Although STLDI coverage is not an excepted benefit, it is exempt from certain individual-market requirements, such as annual or lifetime limits on essential health benefits, or the prohibition on pre-existing condition exclusions. These final regulations undo the 2016 regulations that limited the duration of STLDI coverage to no more than three months. Also under these final regulations, issuers of STLDI insurance would need to include a notice in the insurance contract.
The notice will inform individuals purchasing the STLDI contract that the coverage is not required to comply with federal requirements under the Affordable Care Act. For policies having an effective date prior to January 1, 2019, the notice will also include a statement that the coverage does not qualify as “minimum essential coverage” and that you may be subject to a penalty if you do not have minimum essential coverage for any month in 2018.

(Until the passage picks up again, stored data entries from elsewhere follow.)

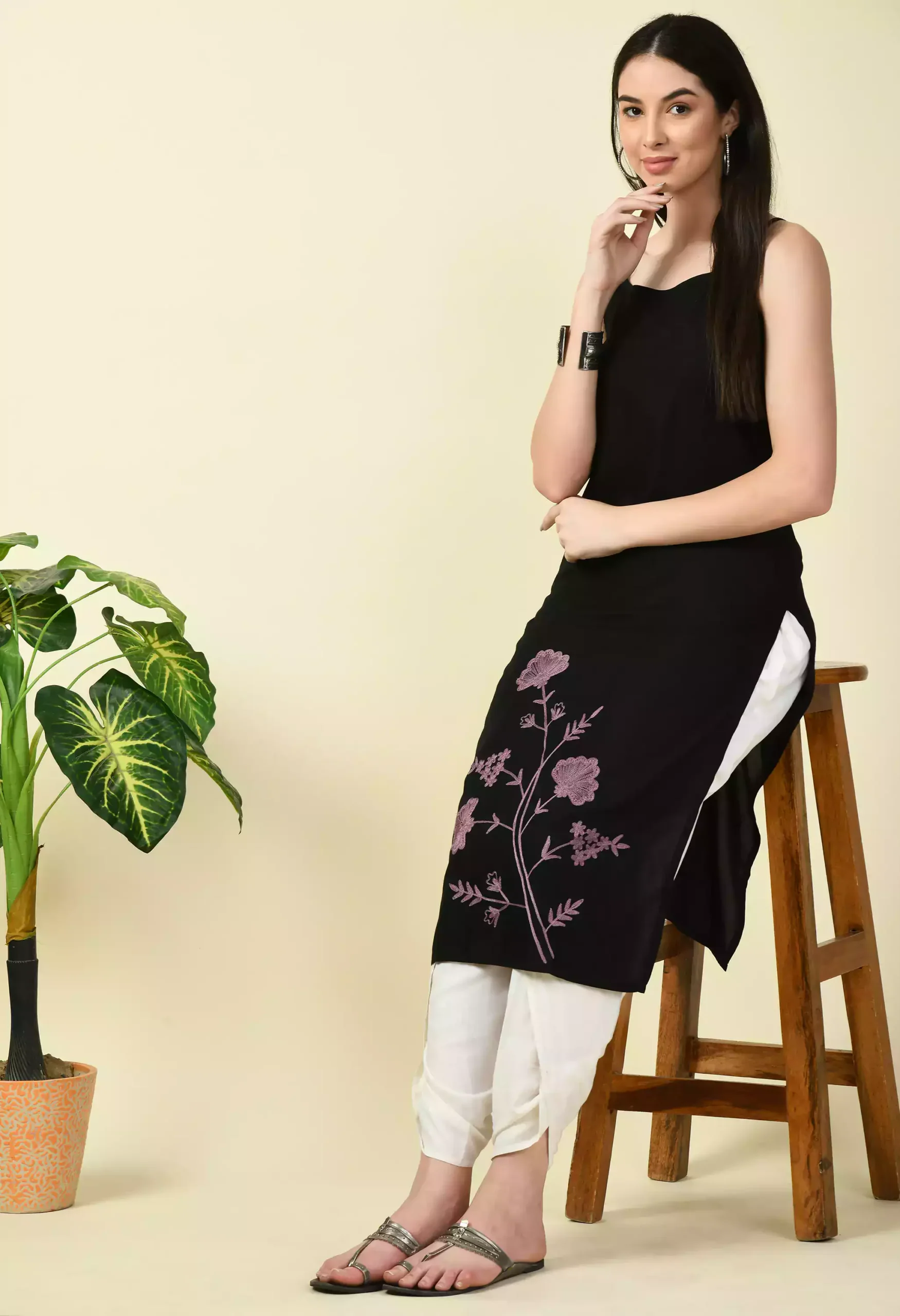 Look ethereal in this Aari work, Kurti, crafted with silk thread.
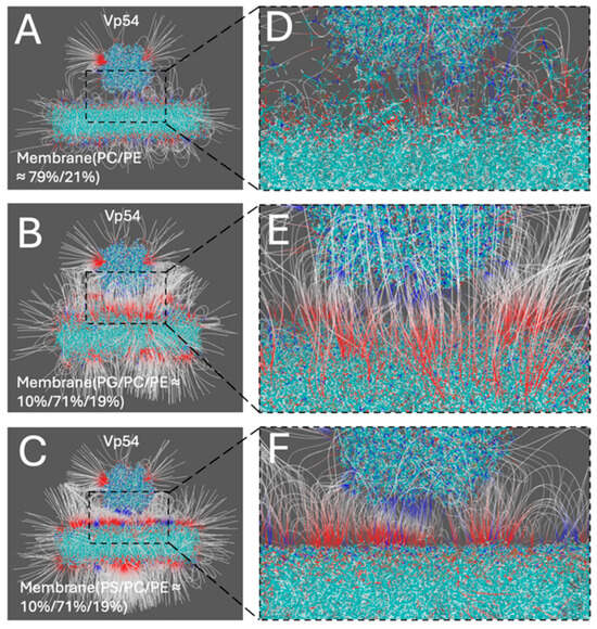 To evaluate the relative strength and spatial orientation of electrostatic interactions between Vp54 and membranes of different compositions, electric field lines were calculated for each system using DelPhiForce C++ V. Beta 1. Figure 5A–C shows the side views of three membrane–Vp54 complexes, consisting of (A) PC/PE (79%/21%), (B) PG/PC/PE (10%/71%/19%), and (C) PS/PC/PE (10%/71%/19%). In each case, Vp54 was placed 20 Å above the membrane surface in a non-contacting orientation to get a better visualization. Figure 5D–F provides zoomed-in views of the membrane surface region corresponding to each system. The density of electric field lines provides an intuitive visual indicator of the strength of electrostatic interactions: higher line density corresponds to stronger electrostatic forces acting between the membrane and Vp54. In the PC/PE system (Figure 5A,D), the field lines are sparse and disorganized, indicating weak and diffuse electrostatic interactions. By contrast, the PG- and PS-containing systems (Figure 5B,C,E,F) exhibit markedly denser and more coherent field lines, particularly in the region directly beneath Vp54, suggesting stronger and more focused electrostatic attraction. These observations align with electrostatic potential surface analysis (Figure 4) and provide spatial evidence that anionic lipid enrichment enhances the electrostatic pull experienced by Vp54. Together, these field line visualizations reinforce the conclusion that electrostatic interaction strength is lipid-composition-dependent, and that PG and PS facilitate stronger and more directed attraction toward Vp54 than zwitterionic membranes.
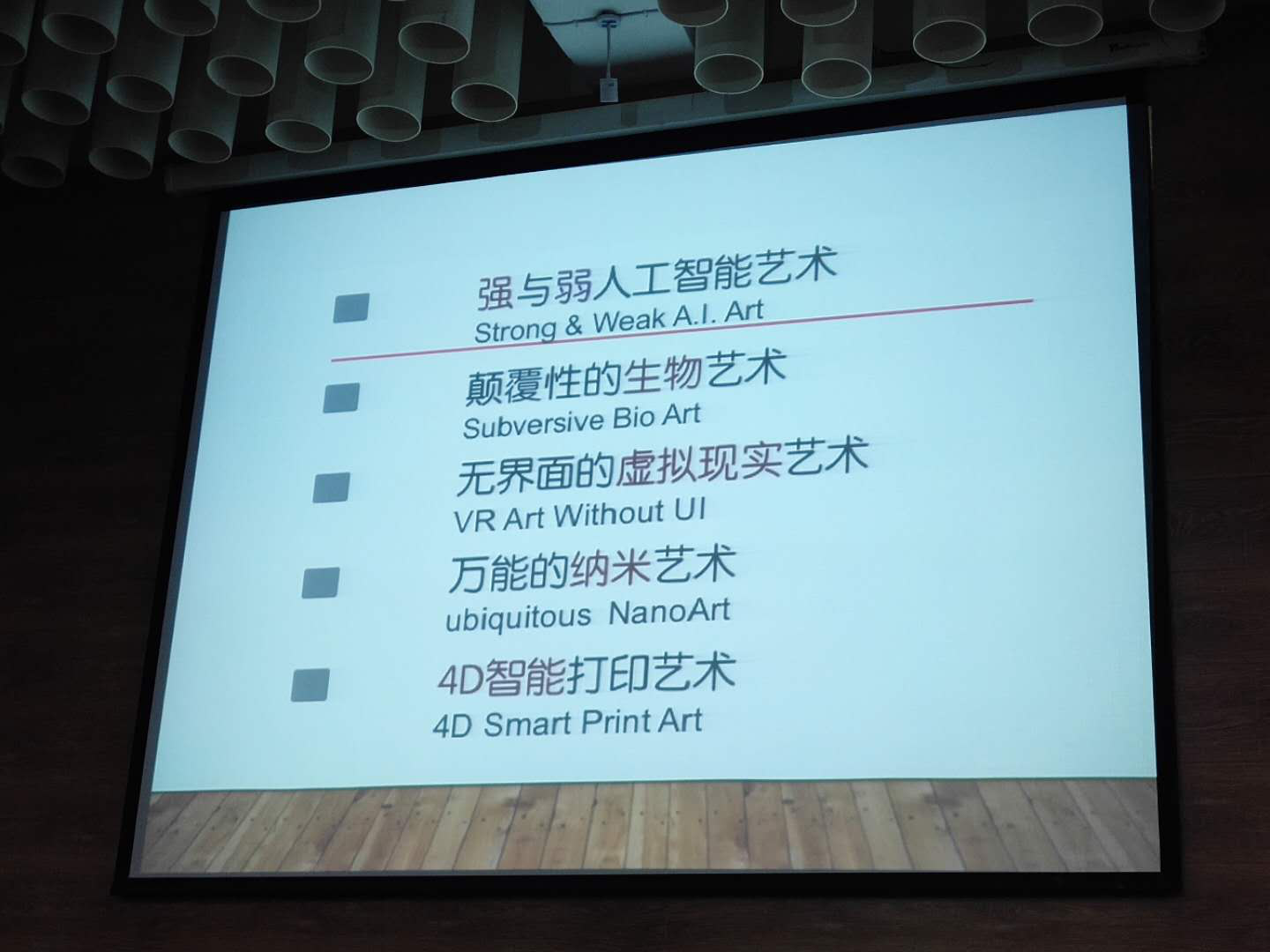 讲座共分为五部分:I艺术家生命体重构、II艺术生态环境重构、III艺术工具材料重构、IV艺术创造力重构、V艺术与美学范围定义重构。谭教授提出 “未来指导现在”的艺术创作观点,并指出,科技作为一种技术手段,越来越普遍地融入到艺术创作的领域当中,VR、AR 、MR虚拟技术乃至人工智能都与艺术有着千丝万缕的关联。当科技智能接近或超越人类智慧状态时,其艺术家生命体、艺术工具材料、艺术架构定义以及创作美学内涵,都面临解构再重构的必要性。
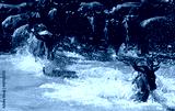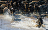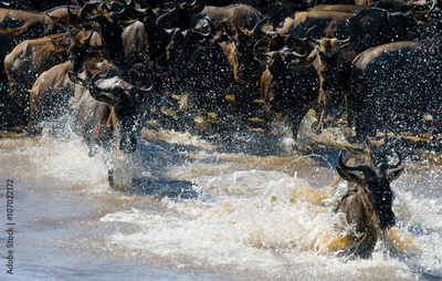 Wildebeests are crossing Mara river. Great Migration. Kenya. Tanzania. Masai Mara National Park. An excellent illustration.
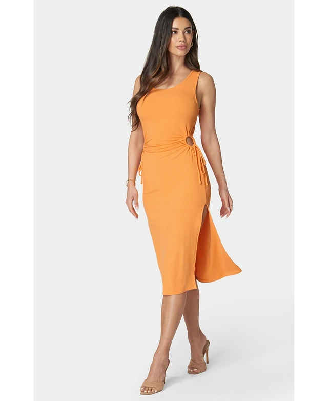 Bebe Women's Asymmetrical High Slit Bandage Midi Dress
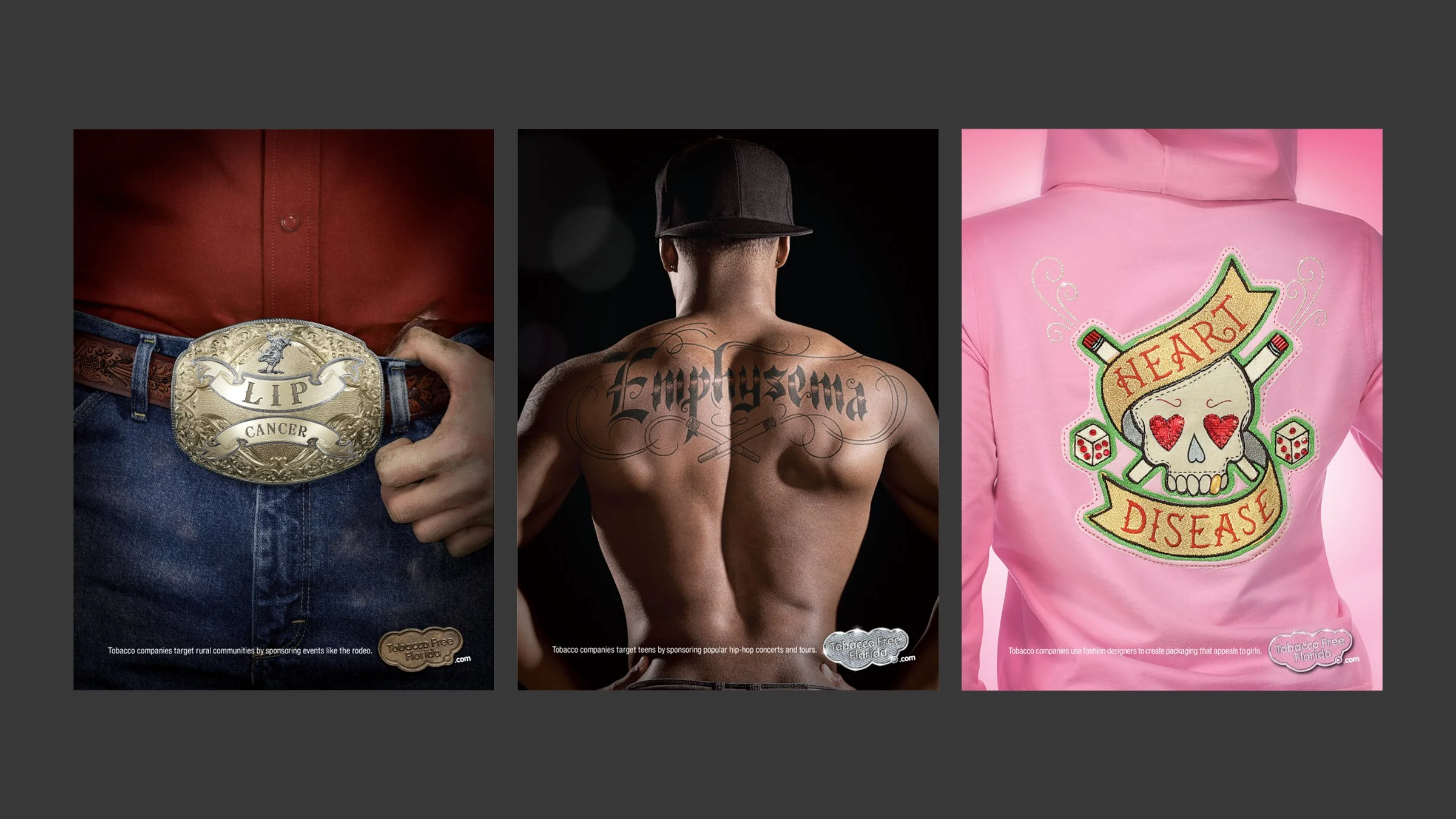 Three images promoting tobacco awareness: the first showing a belt buckle labeled "LIP CANCER"; the second showing a tattooed back with the word "EMPHYSEMA"; the third featuring a pink hooded jacket with the words "HEART DISEASE."
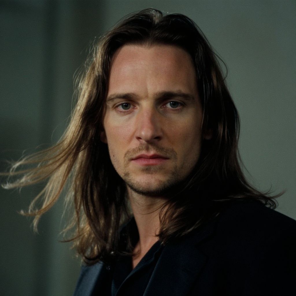 Photograph of a Caucasian man with long, straight, brown hair that reaches his shoulders. He has blue eyes, light stubble, and a serious expression. He is wearing a black shirt and is positioned against a blurred, dark gray background. The lighting is soft, highlighting his facial features while casting gentle shadows. The image has a slightly dramatic, cinematic feel, focusing on his intense gaze and subtle facial details. The overall composition emphasizes his serious demeanor and rugged appearance.
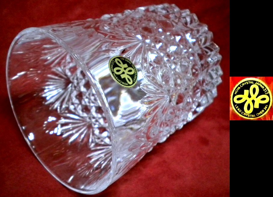 売切 アンティーク HOYA クリスタル オンザ ロックグラス グラス 大 容量:330cc 1客 纏購入特典有 日本製 未使用保管品 箱無 H/M、底16菊紋 寸法:φ上82/下76×H98mm、重量:380g、口元:1.9mm、底厚さ:10mm、1980年代、大きめで重量感があり煌びやかなカットのお品です。当時の押し出し成形品のため良品範囲の微細なガラス流れが御座います。アンティーク品をご理解いただき当時の製造技術で製造され検品を受けた良品範囲のお品ですが現代の規格品とは異なりますので、ご了解いただける方の御落札をお願いいたします。(軽微な型筋やしわは当時良品範囲です)・纏め購入特典:2点以上(他の商品可)纏めて購入頂ける場合、オークション出品の場合、ご希望の商品にご入札いただければ早期終了させて頂きます。質問からか、すでに御落札頂いている場合は取引連絡からご連絡ください。ご連絡頂き24時間以内のご入札が対象となります。表示金額で購入が出来、終了時間までの時間短縮になります。是非ご利用ください。・未使用品ですが長期保管品です。了解して購入される方へ。・HOYAのクリスタル製品は1945年に日本で誕生し、世界で高い評価を受けてきました。 光学技術を導入して作られるクリスタルガラスは、 その高い透明度と輝きで世界のトップクラスを誇り、デザイン性も高く評価されています。HOYAクリスタル事業は2009年3月をもちまして終了しておりますので、今後は新品の入手が難しくなる稀少なお品です。又、検品の為にぬるま湯で洗浄後、乾燥を行いクリスタルグラス特有の保管時の白化を防ぐために個別ラップを行っております。できる限り良好な状態でお手元に届くよう努めております。・発送は郵パックで御願いいたします。御住所確認後、送料を御連絡させていただきます。まとめ購入の場合、ご予定を取引ナビでご連絡いただければ、お取り置き後、同梱発送いたしますので宜しく御願いいたします。分類121F19 №0387
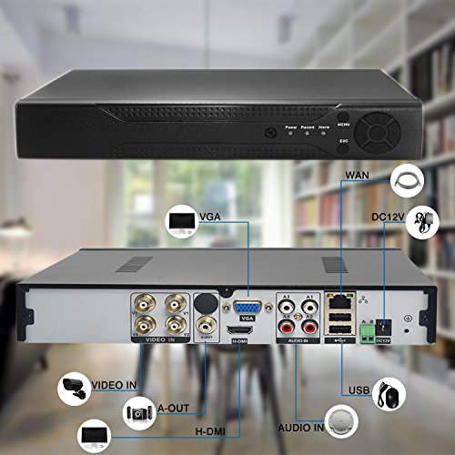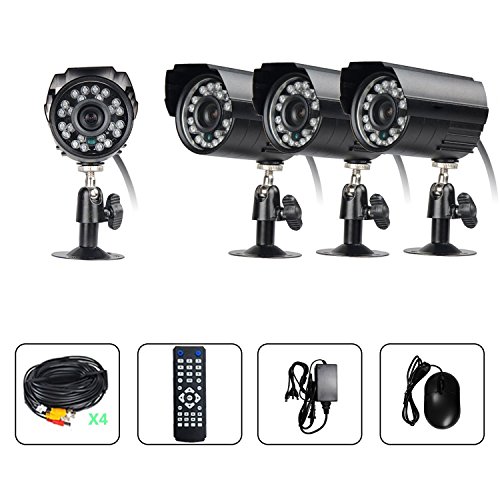-. Feature : 1. 4 Channel 960H digital video recorder with 4pcs 700TVL surveillance cameras for home/apartment/office security day and night; keep an eye of the front door, back door, living room, yard, and garage without getting up or going out. / 2. IP66 Rated bullet camera with built-in 24pcs IR LEDs ensures true color under all lighting conditions day and night, night vision range up to 20 meters. / 3. All bullet cameras are wall mountable & ceiling; the power cable for camera is 18 meters long, please evaluate your installation needs before purchasing. / 4. Free app for live view and playback on smart phone or tablet, PLEASE remember that you need to buy an extra Internal Hard Drive Disk (max 4TB) for recording and playbacking videos, if not, you can also enjoy real-time video feed. / 5. No worry of installation, to help you to set up the system quickly, we made a video for you: https://youtu.be/wlJrMuazHac ; any other question, please contact us.
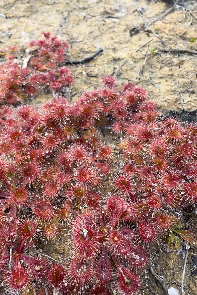 Schmutz’s sundew (Drosera schmutzii) is found only on Kangaroo Island; it is an amazing thought, really: the only place on the entire planet. The sticky droplets trap and kill insects, which then fall to the ground below the plant to provide extra nutrients.
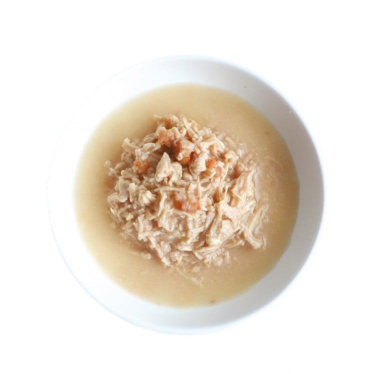 Fresh boneless chicken, shrimp, thickening agent, goat milk powder, vitamin E, taurine, fructooligosaccharides, water
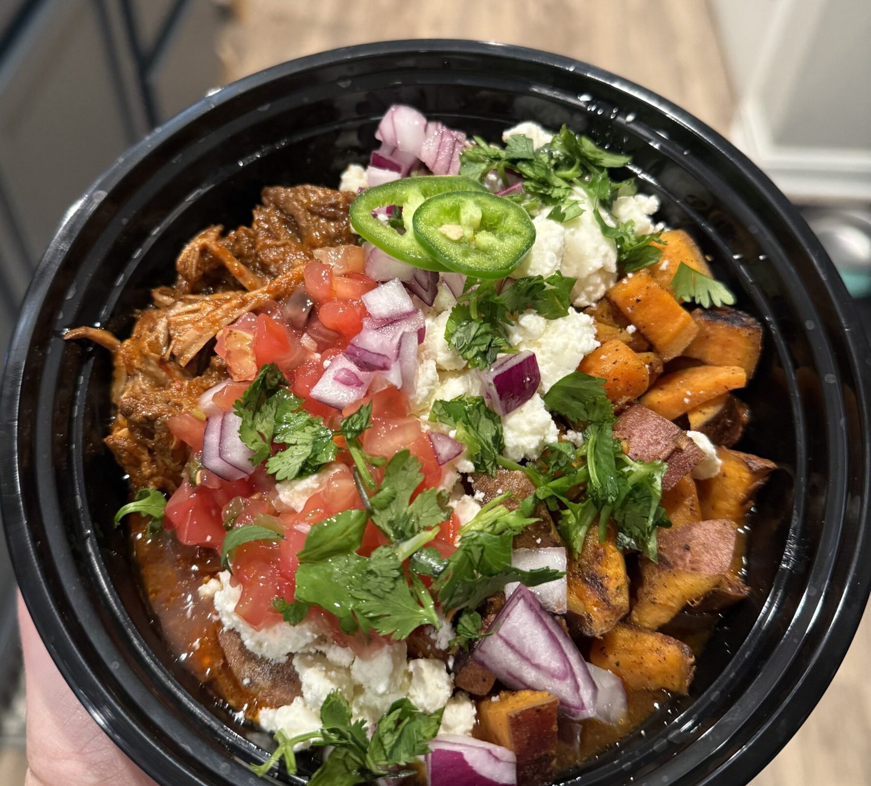 These slow-braised shredded beef bowls are AMAZING!! Our locally sourced, grass fed, grass finished beef is seasoned with rich Mexican spices, served over seasoned sweet potatoes with queso fresca, fresh red onion, tomato, cilantro and jalapeno slices to garnish
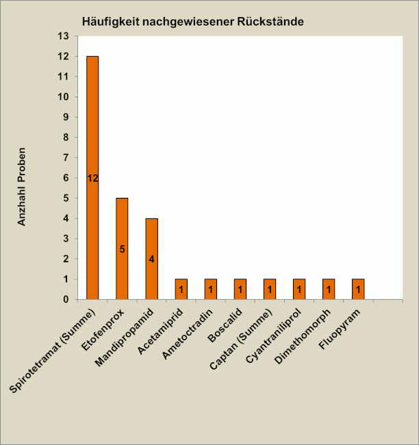 Insgesamt waren in den Proben zehn verschiedene Pestizidrückstände bestimmbar. Mit Abstand am häufigsten (zwölfmal) waren Rückstände des insektiziden Wirkstoffes Spirotetramat in den untersuchten Salatproben enthalten.
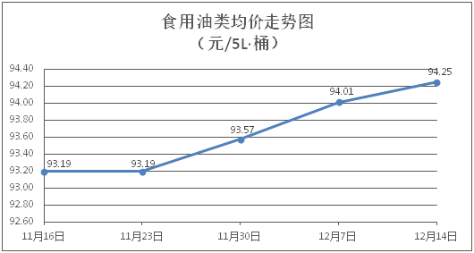 食用油类商品价格稳中略涨。所监测的食用油(5L装)商品价格波动情况为1涨2跌6平,综合零售均价为每桶94.25元,环比上涨0.25%。其中:胡姬花花生油、玉米油零售均价分别为每桶141.18元、75.99元,环比分别上涨1.89%、下降0.11%。

The final regulations will become effective 60 days after they are published in the federal register. Final Regulations https://www.cms.gov/CCIIO/Resources/Files/Downloads/dwnlds/CMS-9924-F-STLDI-Final-Rule.pdf
IRS Provides Guidance on Amended 162(m)
On August 21, 2018, the IRS issued guidance regarding changes to Section 162(m) of the Internal Revenue Code made by the Tax Cuts and Jobs Act (“TCJA”). In particular, IRS Notice 2018-68 provides guidance regarding the determination of covered employees and what arrangements may qualify for grandfathered status under new Section 162(m).
Under new Section 162(m), a covered employee includes any employee who serves as the CEO or CFO of a publicly held corporation at any time during a year. A covered employee also includes any employee whose total compensation for the taxable year is required to be reported to shareholders under the Securities Exchange Act of 1934 by reason of the employee being among the three highest compensated officers for the taxable year (other than the CEO or CFO). Further, any employee who was a covered employee in any preceding taxable year beginning after December 31, 2016 is a covered employee in any future taxable year.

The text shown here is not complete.